La plupart de celles qui font le choix de retourner aux études continuent au niveau postsecondaire; la majorité finit le secondaire, plusieurs vont au Cégep et quelques-unes vont à l’université. D’autres femmes cessent complètement leur scolarité, parfois à partir du secondaire 1. La plupart de celles-ci désirent toutefois retourner à l’école, considérant l’éducation comme un des moyens menant à leur bien-être et celui de leur famille. Même si la quasi-totalité des femmes prennent beaucoup de temps pour terminer leurs études et ne suivent pas le cheminement « normal », plusieurs poursuivent ou désirent poursuivre leur scolarité. Cette réalité n’est pas très loin de celle vécue par les femmes atikamekw il y a 30 ans : « Plusieurs ont mis un temps énorme à terminer leur cours, mais le sentiment d’accomplissement en ressort d’autant plus » (Labrecque 1984b : 85).

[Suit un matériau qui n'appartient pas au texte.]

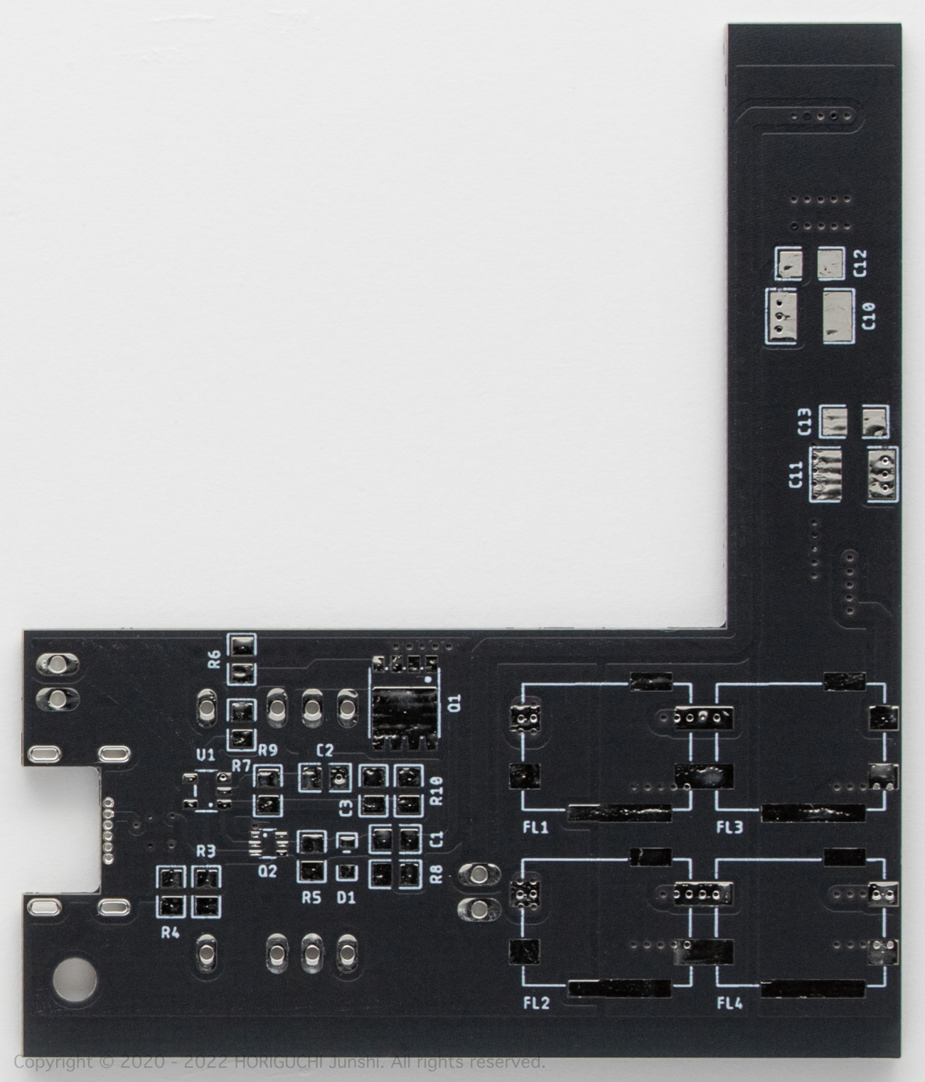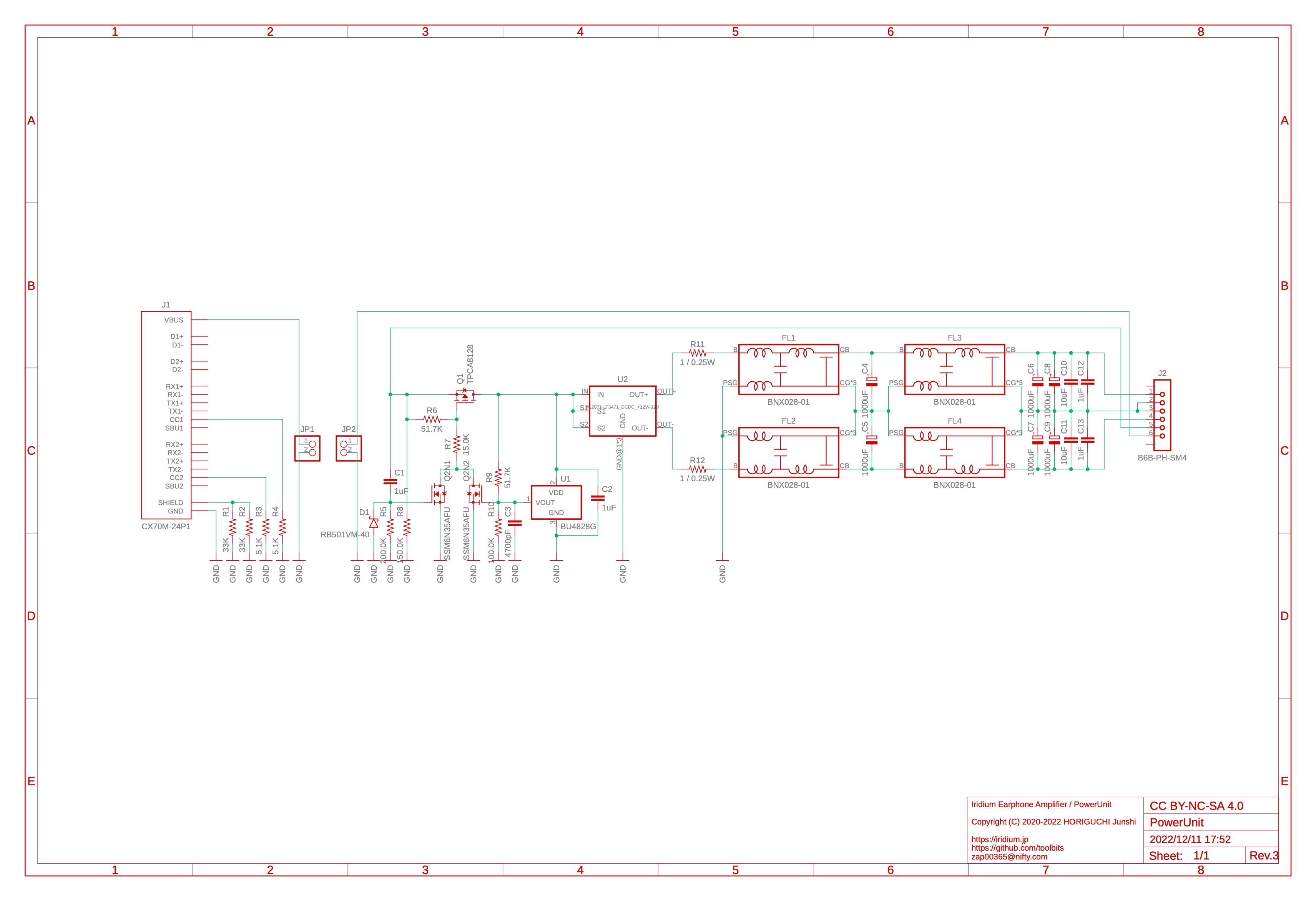 Q1 を通過した電力は、U2 の Strawberry Linux 社製の「LT3471 DC-DC コンバータモジュール (+12V/-12V)」(#12071) を ±9.1V 出力に改造 (後述) したモジュールに入力する。最後に、EMI フィルタモジュールと大容量コンデンサからなる高周波ノイズフィルタをとおしたのち、J2 より増幅・出力モジュールに対して、正負電源として電力を出力する。

Non seulement le fait d’avoir des enfants n’est pas vécu comme un « problème » par rapport aux études, mais cette réalité amène parfois certaines femmes à poursuivre leur scolarité pour le bien-être de leurs enfants et pour leur « montrer l’exemple » : « […] puis en plus de ça, j’ai mon fils et je voulais absolument faire des études pour lui donner une vie meilleure dans l’avenir » (Entretien N°1). Avoir des enfants peut être une source de motivation pour ces femmes dans leur projet de compléter leurs études afin d’occuper un bon emploi.